# [Task brief]
Exactly the lines from the one containing "키친타올 140매 8롤 |" through the end of the data, and nothing more, should be retyped; pictures stay out.

# [Input for this task]
=== Begin Enclosure ===

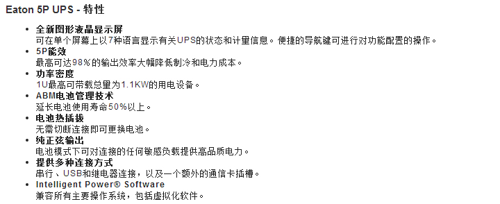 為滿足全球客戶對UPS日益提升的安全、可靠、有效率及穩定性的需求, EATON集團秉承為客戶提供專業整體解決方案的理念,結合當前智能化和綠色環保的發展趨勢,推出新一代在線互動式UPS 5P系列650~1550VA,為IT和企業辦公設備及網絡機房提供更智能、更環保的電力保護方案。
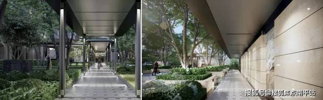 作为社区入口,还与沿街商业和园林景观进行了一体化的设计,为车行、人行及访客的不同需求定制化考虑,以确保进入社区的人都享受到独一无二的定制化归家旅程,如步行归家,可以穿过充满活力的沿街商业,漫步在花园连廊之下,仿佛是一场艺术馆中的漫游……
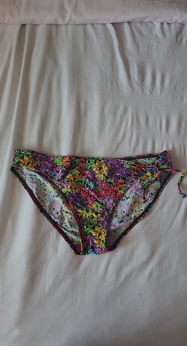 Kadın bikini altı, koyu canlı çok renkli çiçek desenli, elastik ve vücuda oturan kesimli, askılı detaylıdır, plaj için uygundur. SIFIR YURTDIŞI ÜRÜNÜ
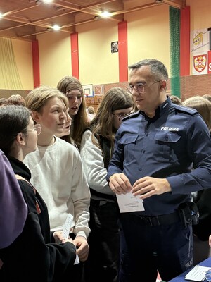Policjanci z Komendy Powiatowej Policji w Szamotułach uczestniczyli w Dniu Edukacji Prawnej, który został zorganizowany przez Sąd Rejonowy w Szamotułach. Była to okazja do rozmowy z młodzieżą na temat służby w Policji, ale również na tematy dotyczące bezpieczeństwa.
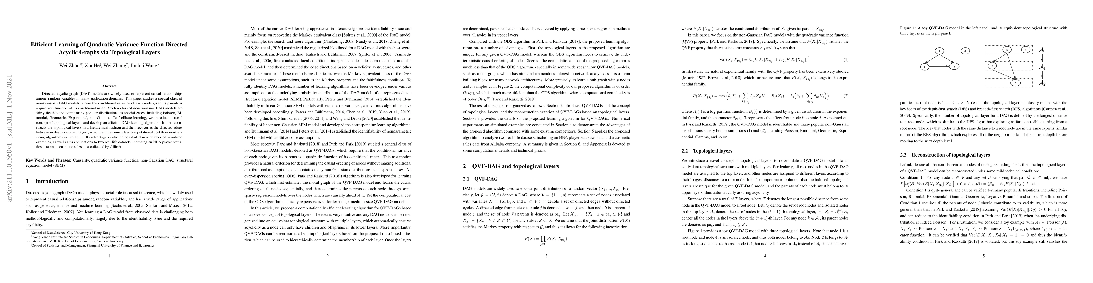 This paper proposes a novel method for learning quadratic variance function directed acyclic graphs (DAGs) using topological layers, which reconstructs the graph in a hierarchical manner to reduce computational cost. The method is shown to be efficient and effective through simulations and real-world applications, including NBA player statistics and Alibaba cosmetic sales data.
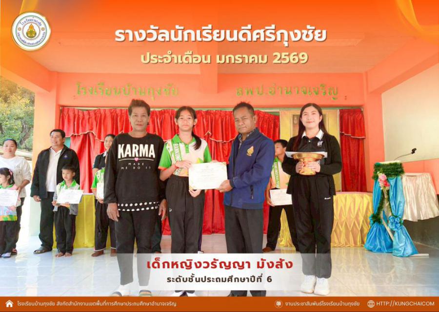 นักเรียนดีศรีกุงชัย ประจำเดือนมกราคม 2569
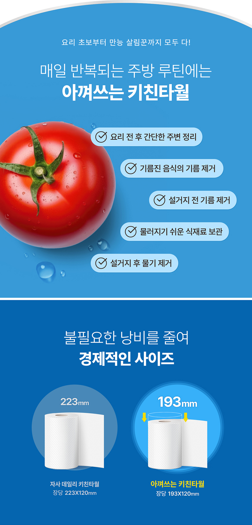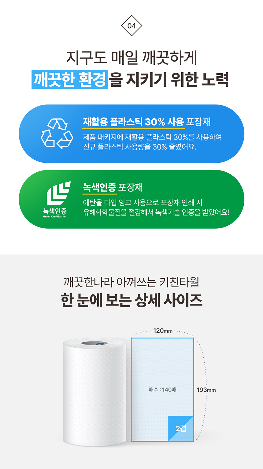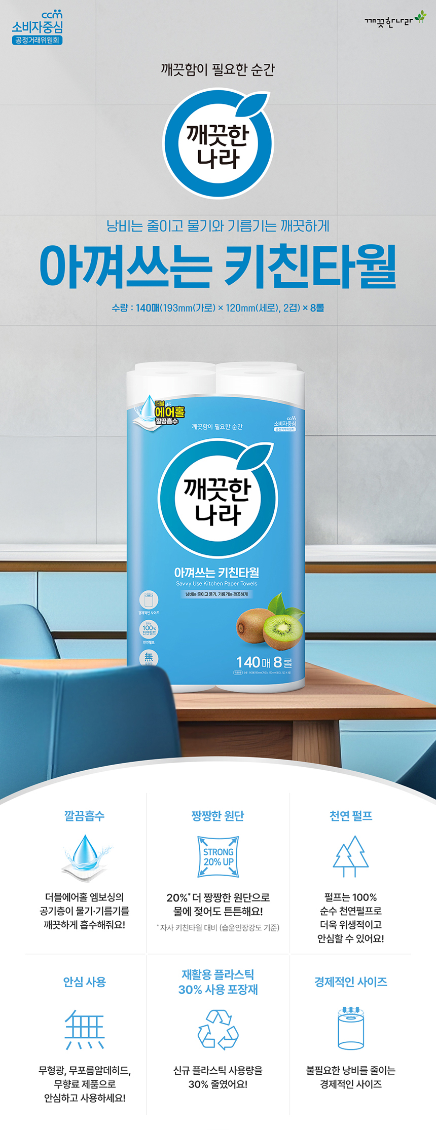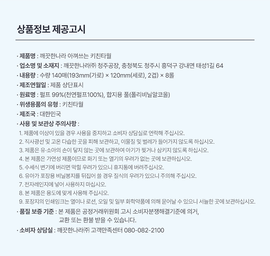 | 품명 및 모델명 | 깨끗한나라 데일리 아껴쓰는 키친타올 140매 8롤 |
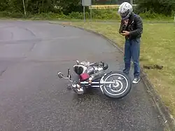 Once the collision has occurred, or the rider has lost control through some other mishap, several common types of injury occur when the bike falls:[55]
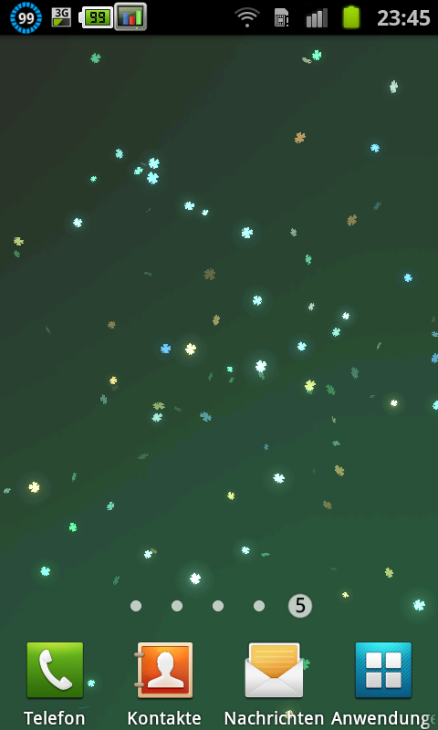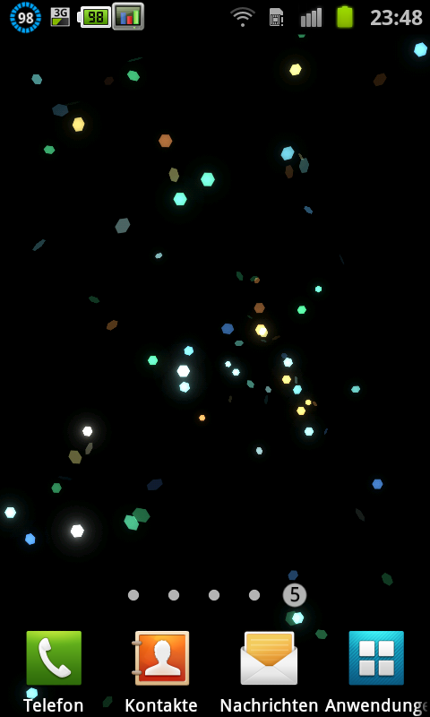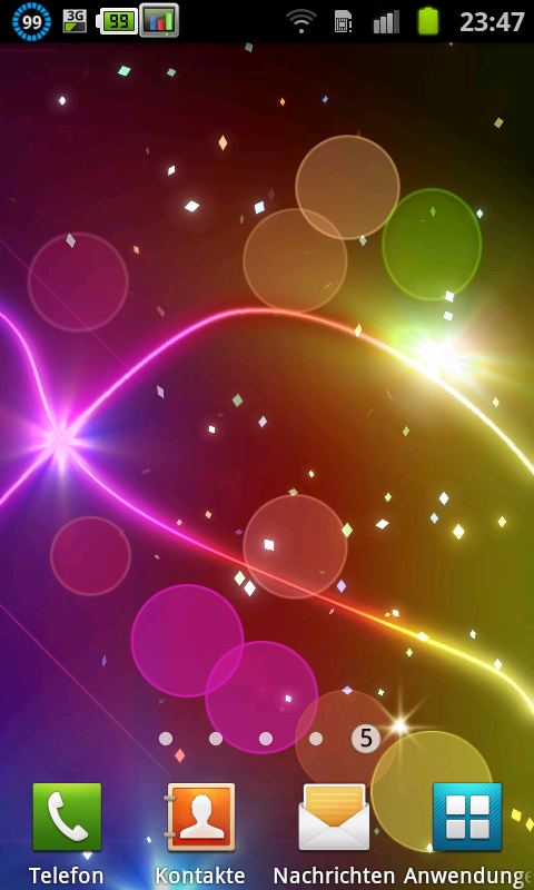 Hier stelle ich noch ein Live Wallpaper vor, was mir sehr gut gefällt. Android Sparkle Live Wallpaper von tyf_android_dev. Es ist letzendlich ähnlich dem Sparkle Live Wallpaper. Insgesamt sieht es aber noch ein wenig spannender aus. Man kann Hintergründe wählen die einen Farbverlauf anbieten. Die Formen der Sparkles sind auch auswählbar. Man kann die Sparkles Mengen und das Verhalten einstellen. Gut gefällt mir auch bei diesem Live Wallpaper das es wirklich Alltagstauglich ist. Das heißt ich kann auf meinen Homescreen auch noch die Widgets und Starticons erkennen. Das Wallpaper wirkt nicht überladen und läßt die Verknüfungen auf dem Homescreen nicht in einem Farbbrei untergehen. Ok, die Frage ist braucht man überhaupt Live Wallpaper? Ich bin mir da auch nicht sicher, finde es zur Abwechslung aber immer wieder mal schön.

=== End Enclosure ===

# [Answer to this problem]
 | 품명 및 모델명 | 깨끗한나라 데일리 아껴쓰는 키친타올 140매 8롤 |
 Once the collision has occurred, or the rider has lost control through some other mishap, several common types of injury occur when the bike falls:[55]
 Hier stelle ich noch ein Live Wallpaper vor, was mir sehr gut gefällt. Android Sparkle Live Wallpaper von tyf_android_dev. Es ist letzendlich ähnlich dem Sparkle Live Wallpaper. Insgesamt sieht es aber noch ein wenig spannender aus. Man kann Hintergründe wählen die einen Farbverlauf anbieten. Die Formen der Sparkles sind auch auswählbar. Man kann die Sparkles Mengen und das Verhalten einstellen. Gut gefällt mir auch bei diesem Live Wallpaper das es wirklich Alltagstauglich ist. Das heißt ich kann auf meinen Homescreen auch noch die Widgets und Starticons erkennen. Das Wallpaper wirkt nicht überladen und läßt die Verknüfungen auf dem Homescreen nicht in einem Farbbrei untergehen. Ok, die Frage ist braucht man überhaupt Live Wallpaper? Ich bin mir da auch nicht sicher, finde es zur Abwechslung aber immer wieder mal schön.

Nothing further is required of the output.